The Republican National Committee logo is shown on the stage as crew members work at the North Charleston Coliseum, Wednesday, Jan. 13, 2016, in North Charleston, S.C., in advance of Thursday's Fox Business Network Republican presidential debate. (AP Photo/Rainier Ehrhardt)
The Republican National Committee logo is shown on the stage as crew members work at the North Charleston Coliseum, Jan. 13, in North Charleston, S.C. (AP Photo/Rainier Ehrhardt)

The Republican presidential nominating has moved into the South, where seven states — Virginia, Georgia, Alabama, Tennessee, Arkansas, Oklahoma and Texas — will anchor the Super Tuesday primaries on March 1.

But first comes South Carolina on Feb. 20. The GOP field headed Wednesday to the Palmetto State, and most will be there through the next Republican debate on Saturday night. Here’s a look at the state that’s next on the GOP’s primary calendar:

Three-Legged Stool

More than 700,000 people could vote in South Carolina’s Republican primary, dwarfing the 180,000 Iowa caucus-goers and 284,000 voters who cast ballots in New Hampshire. Among them are every kind of Republican, and political pros say the state mirrors the “three-legged stool” — social conservatives/evangelicals, fiscal/business conservatives and national security hawks — of the overall GOP.

“You can’t appeal to just one segment of the party and win here,” said state party chairman Matt Moore.

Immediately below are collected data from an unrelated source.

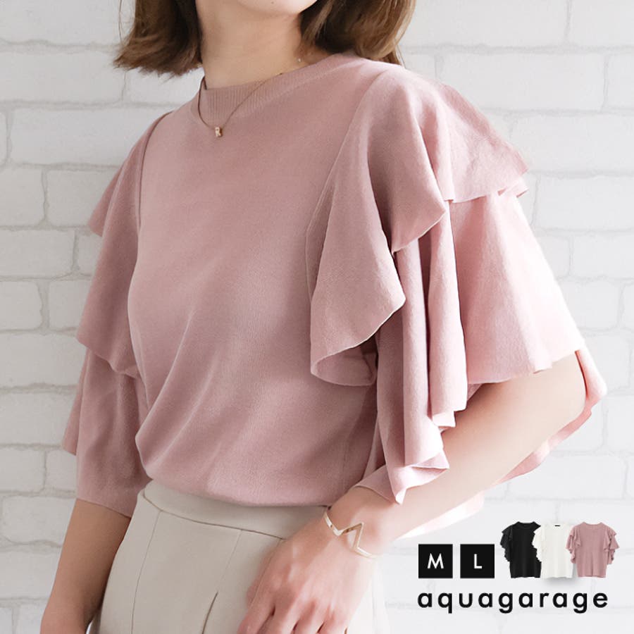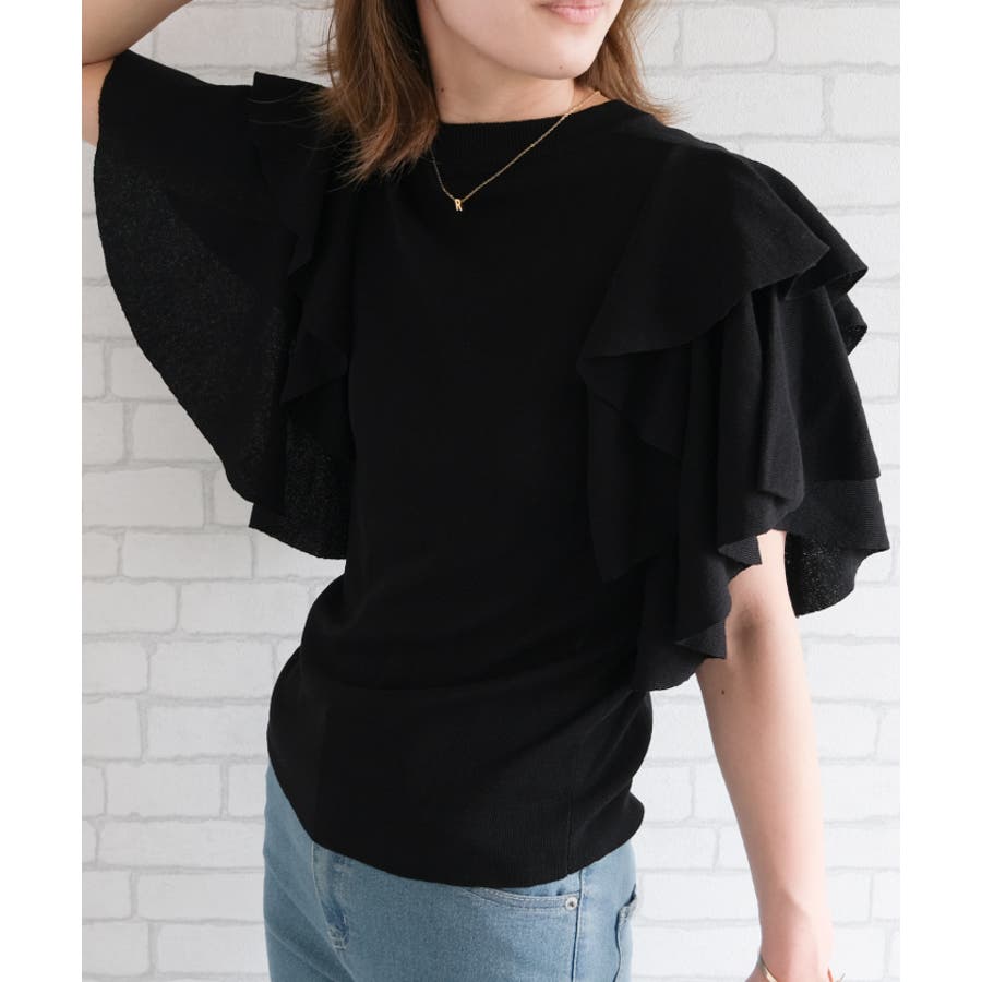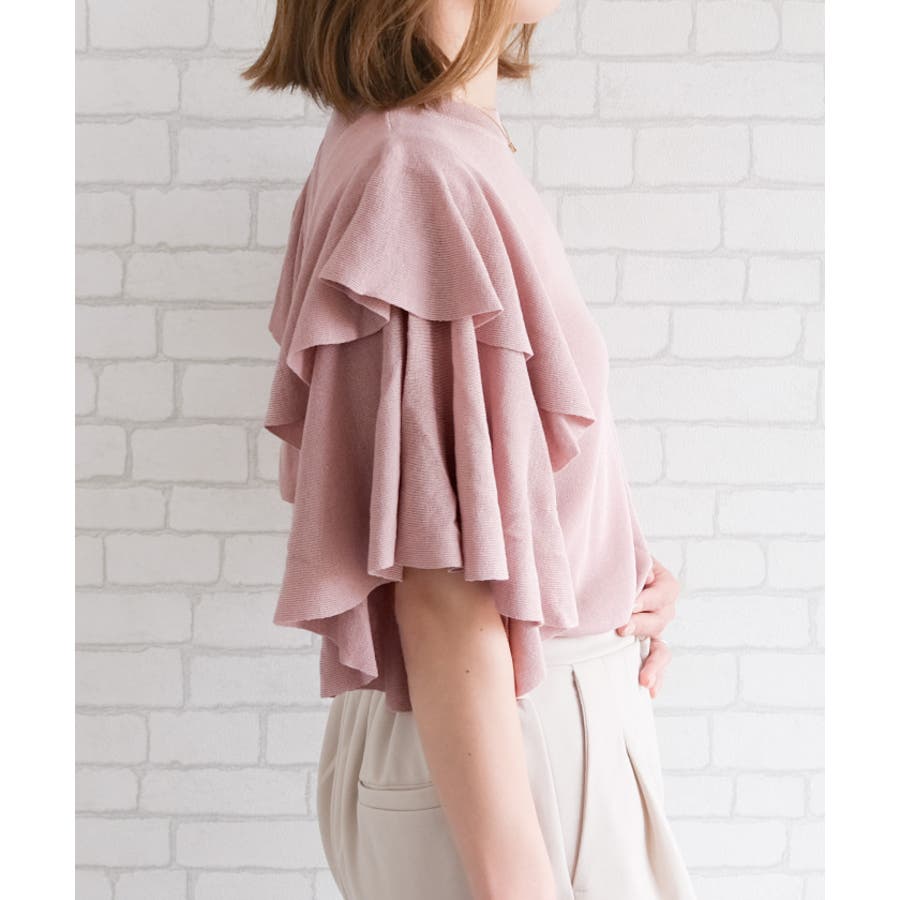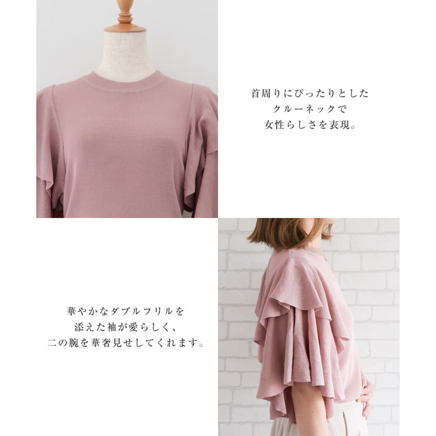主役級の華やかさ!二の腕もカバーしてくれるダブルフリルスリーブニット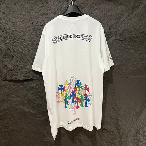 クロムハーツ 偽物 スクロール マルチカラー カラフル クロス Tシャツ Kue54267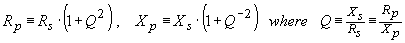 These equations are fundamental to reactive impedance matching and should be committed to memory. From the published data we find that Rp = 16.0 Ohms and Xp = 158 Ohms, at 945 MHz. Since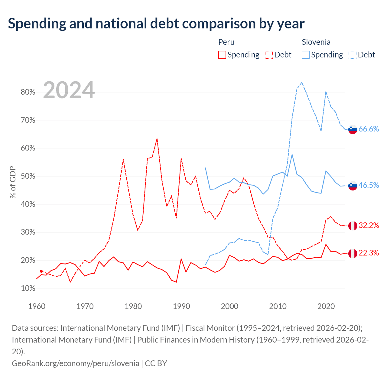 Peru has $93B in government debt (32.2% of GDP), compared to $48.6B (66.6% of GDP) in Slovenia.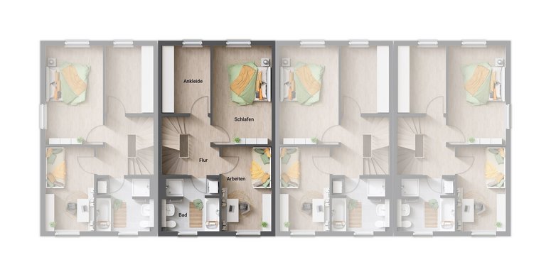Das Reihenhaus Mainz 128 bietet Ihnen die ideale Kombination aus modernem Wohnen und effizienter Flächennutzung. Mit vier Wohneinheiten entsteht ein attraktives Zuhause, das zugleich Raum für Individualität und Gemeinschaft schafft. Jede Einheit verfügt über rund 140 Quadratmeter Wohnfläche, verteilt auf drei Etagen mit einem großzügigen Wohn- und Essbereich im Erdgeschoss, komfortablen Schlaf- und Kinderzimmern im Obergeschoss sowie einem vielseitig nutzbaren Studio im Dachgeschoss.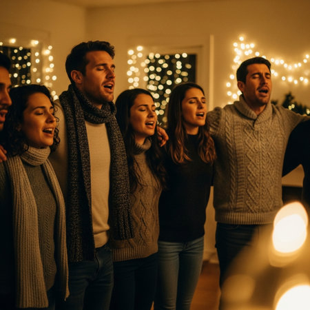 Choir members joyfully singing carols by candlelight, creating a warm atmosphere during festive Christmas celebrations filled with harmony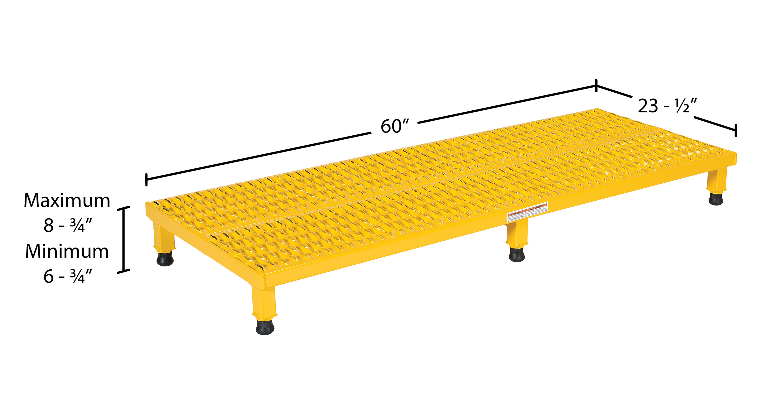 Steel Adjustable Work-Mate Stand 60 In. x 23-1/2 In. x 6-3/4 In. 500 Lb. Capacity YellowThe adjustable work-mate stand minimizes fatigue by elevating workers to heights that are comfortable and ergonomically correct. Especially useful when multiple shift employees operate the same piece of machinery. The height of each leg can be adjusted individually to ensure proper working height.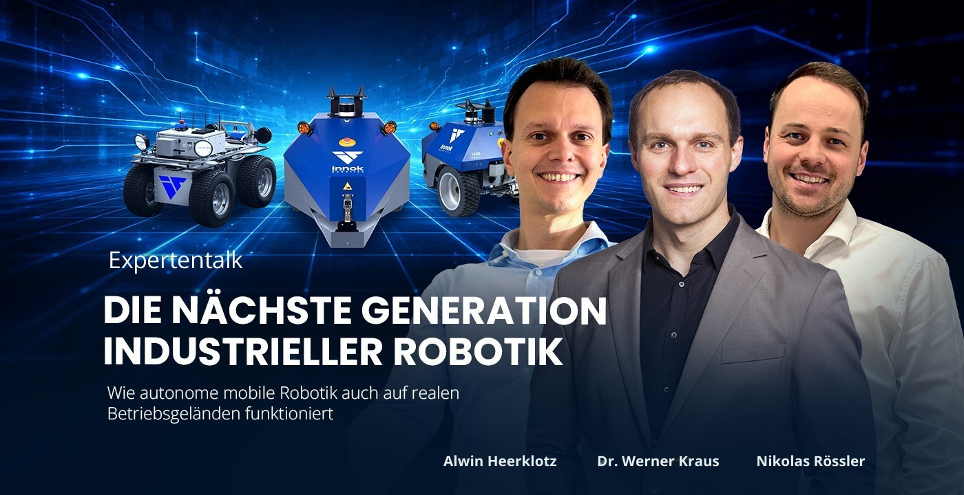 Im Expertentalk diskutieren Alwin Heerklotz (Gründer von Innok Robotics), Dr. Werner Kraus (Head of Robotics am Fraunhofer IPA) und Nikolas Rössler (CCO & CFO von Innok Robotics), wie autonome mobile Roboter auch in bestehenden Lagerumgebungen eingesetzt werden können. Innok Robotics entwickelt dafür robuste, geländegängige Roboterplattformen, die schwere Lasten transportieren und sowohl indoor als auch outdoor autonom navigieren.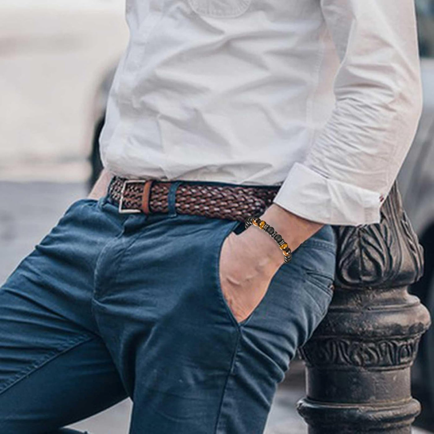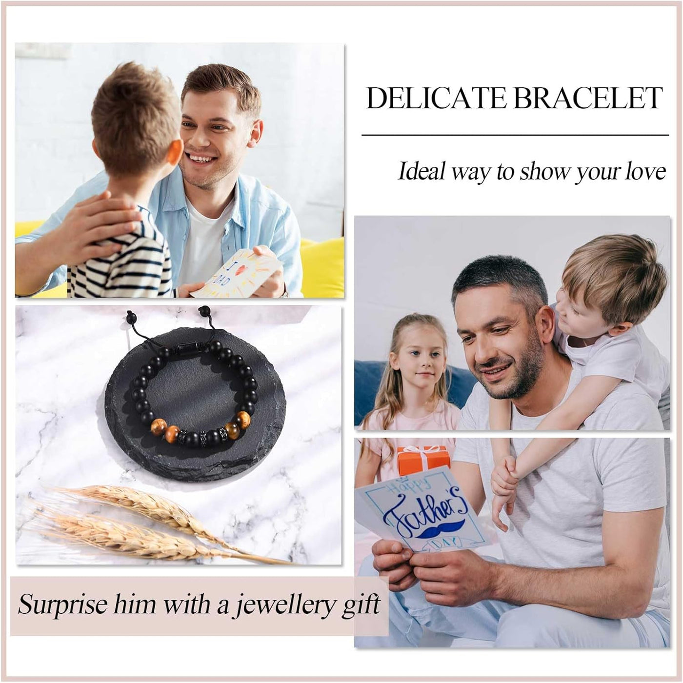 TEVOP Gifts for Dad Son Grandson Grandad Daddy, Tiger Eye Stone Bracelet Adjustable Bracelet Gifts from Daughter Mum Grandparents, Perfect Birthday Graduation Christmas Presents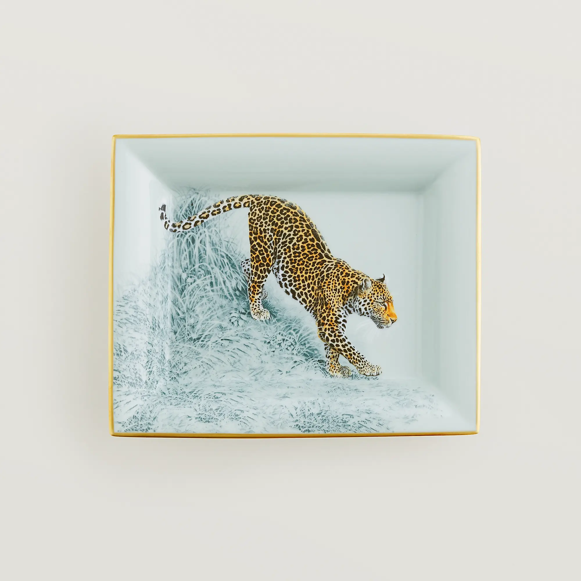 Фарфоровая мелочница с рисунком «Пантера». Рисунки выполнены методом трафаретной печати и нанесены вручную. Золотая кайма обработана вручную. Живая и умиротворяющая природа, воспевающая красоту животных, украшает коллекцию Carnets d'Équateur, созданную художником-натуралистом Робертом Далле. Сделано во Франции.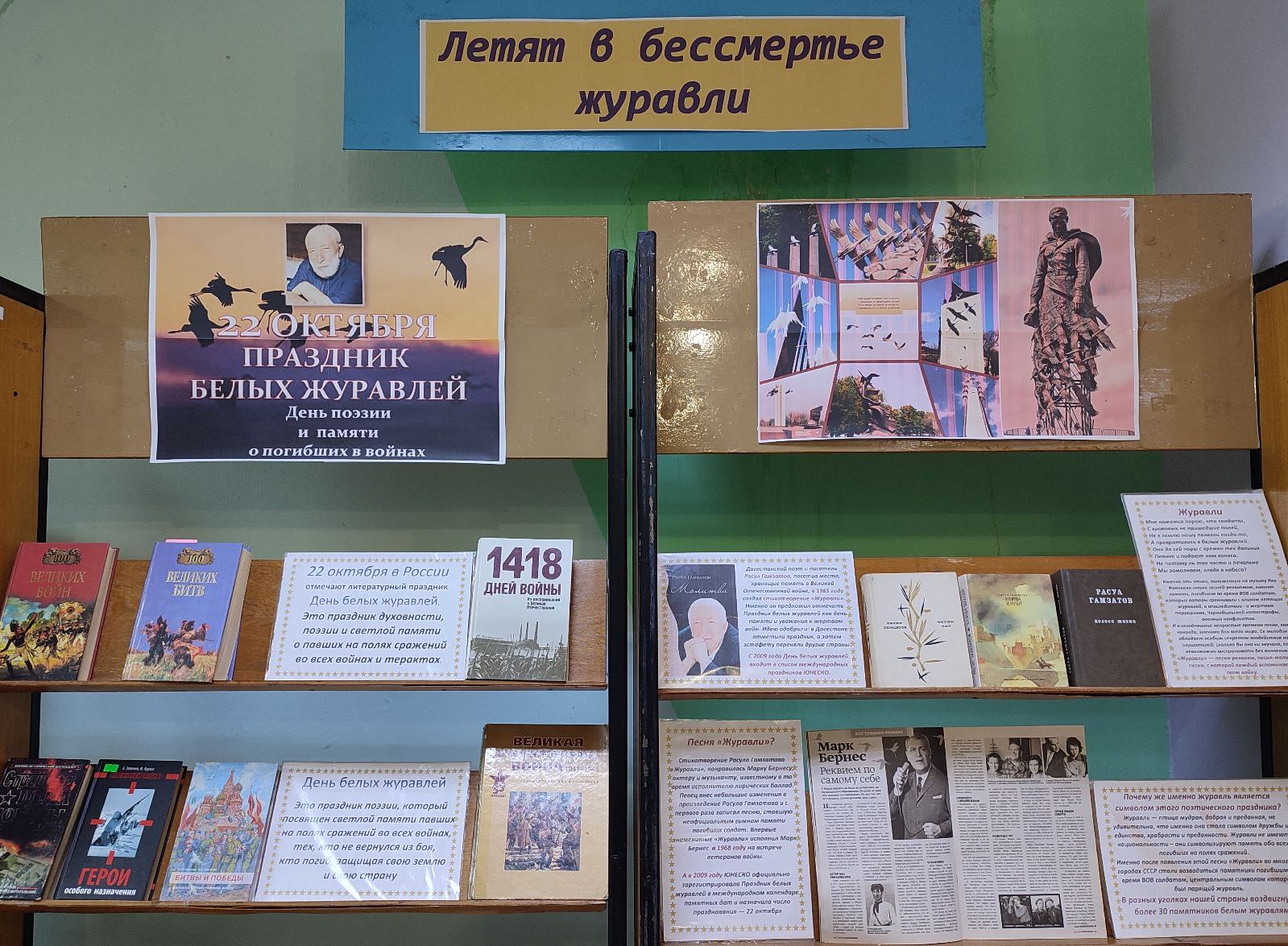 На выставке «Летят в бессмертье журавли» представлены документальные книги о войнах, великих битвах, а также сборники стихов известных поэтов, в том числе Р. Гамзатова, песни войны и победы. Ярким дополнением к книгам и журнальным статьям являются цветные фотографии памятников, посвящённых погибшим героям.

Early preference polls suggest Donald Trump draws support from across the spectrum and Marco Rubio’s campaign has long suggested he will prove his wide appeal in South Carolina. But some candidates may concentrate their efforts.

Ted Cruz has county chairmen and a volunteer organization in every county, but he places an emphasis on evangelical conservatives. He uses his pastor father, Rafael Cruz, as a surrogate campaigner.

Jeb Bush aides say he plays strongest along South Carolina’s coast, among a concentration of active military and retired veterans, including many from the Northeast and Midwest. Kasich will battle for those same coastal voters, who have often sided with more moderate presidential candidates.

Who Likes Whom

Governor Nikki Haley, selected by the party’s top leaders in Congress to deliver the GOP response to President Barack Obama’s State of the Union address, hasn’t said who she’d be for.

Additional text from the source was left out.